Vol. 9, No. 24 Week of June 13, 2004

The deal of last resort

If LNG becomes a commodity, trading companies would make logistics work, says Alaska Gas Development Authority CEO Harold Heinze, making LNG a possibility for West Coast; within Alaska, to Pacific Northwest, authority looking at possibility of compressed gas

Kristen Nelson

Petroleum News Editor-in-Chief

Jones Act tankers to move Alaska liquefied natural gas to markets touside the state would add to the cost of a project, but the way LNG is moved — not tankers — may solve that problem.

Harold Heinze’s estimates for the cost of liquefied natural gas tankers have drawn a lot of heat, Heinze, the Alaska Natural Gas Development Authority’s chief executive officer, told Petroleum News in a May 3 interview.

But, he said, remember that you only have to use Jones Act tankers to go from Valdez to the West Coast. Tankers for trade to the Far East are no problem, shipyards are “cranking them out now, several dozen a year, (and) the fleet’s up over 200 ships” — all foreign-flagged, there are no U.S.-flagged LNG tankers. The price has been coming down, partly because of technology and partly because more people are building tankers, and Heinze said he doesn’t think a foreign tanker would cost much more than $150 million.

U.S.-built tankers could cost three times that much — the shipyards can’t even quote a price, he said, because they haven’t built any. But the Jones Act only requires that the hull and propulsion be built in the United States, Heinze said, and “a good bit of the cost is also the cryogenic containers,” so theoretically you could build a Jones Act hull and propulsion unit in the United States which you would take to Korea to have the cryogenic units installed. That, he said, might bring the cost down to $300 million.

Moving a commodity

But there’s another angle, Heinze said.

“We may also be in a tremendous evolution in how gas moves.”

If LNG starts to become a commodity, “if people become smart at moving it, trading it,” Alaska LNG — which is molecularly identical to any other LNG — could be sold to the West Coast, but the LNG which physically arrives on the West Coast to fill that contract could be from elsewhere, Sakhalin perhaps. And the Alaska LNG which is sold to the West Coast physically goes to fill a contract in the Far East.

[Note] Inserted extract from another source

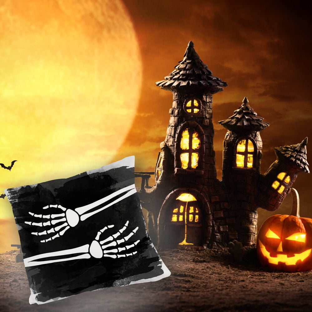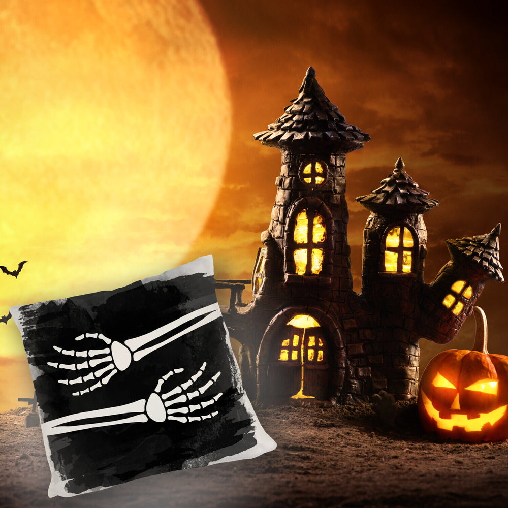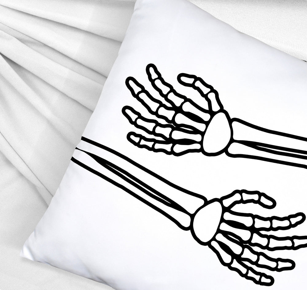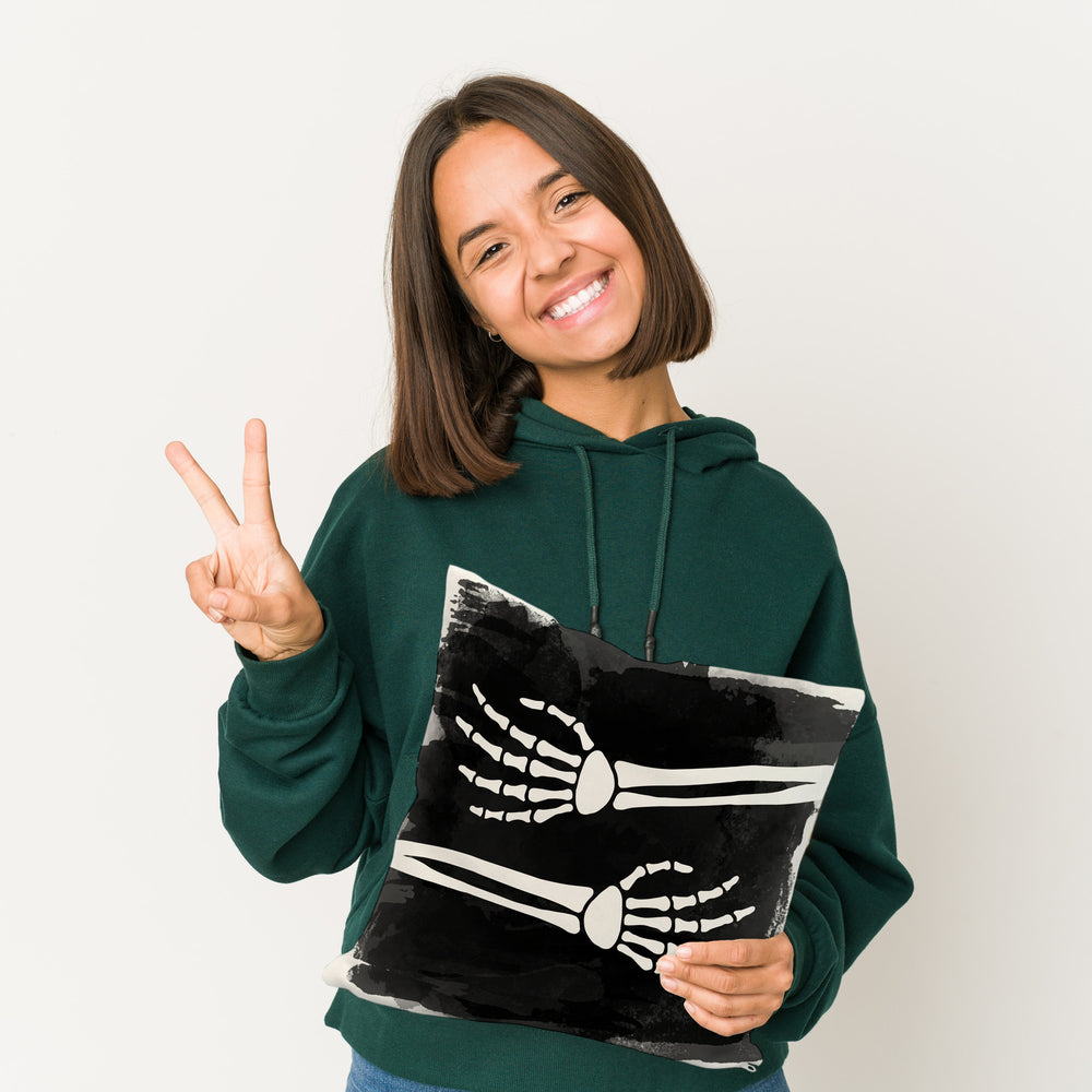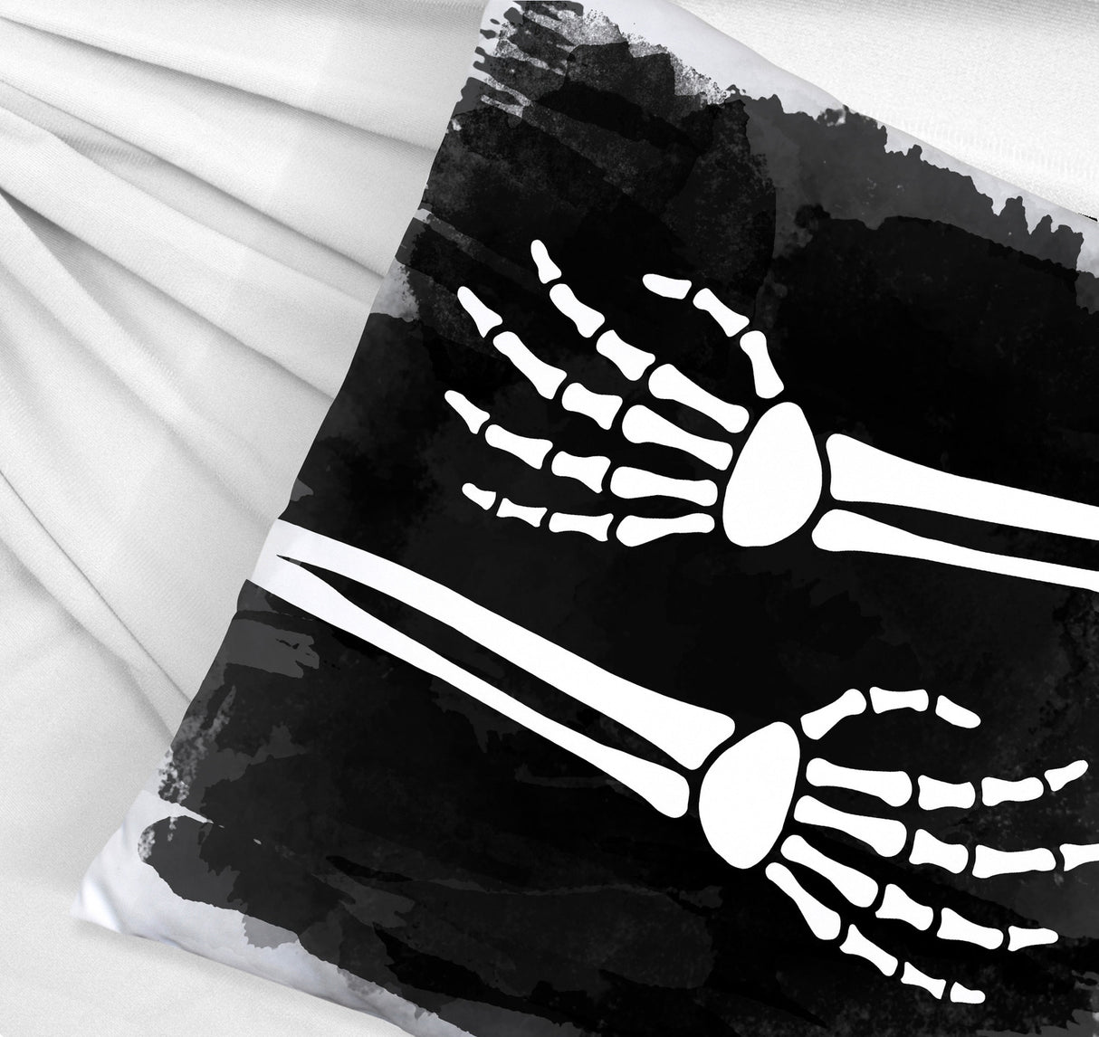 • 1x Skelett-Arme Kissen mit schwarzem Hintergrund für Horror-Filmabende in der gewählten Ausführung

“I pay the other guy to sail the longer route and make the delivery (to the West Coast), I pay for all that, and I’m still money ahead… So at some point I just don’t build the Jones Act ship… I use the world fleet.”

That would require a world in which LNG is a commodity.

“LNG is not a commodity yet,” Heinze said, “but I see it going there.

Would the world fleet be big enough? Well, in 10 years, as larger LNG tankers are built, there will be a surplus of smaller ships, he said. There will be some 200 of these older — but well maintained — LNG tankers available.

The aggregators

“And if it’s a commodity that has implications in terms of transportation costs, pricing, other strategies. It also has tremendous implications in terms of people wanting to be involved.”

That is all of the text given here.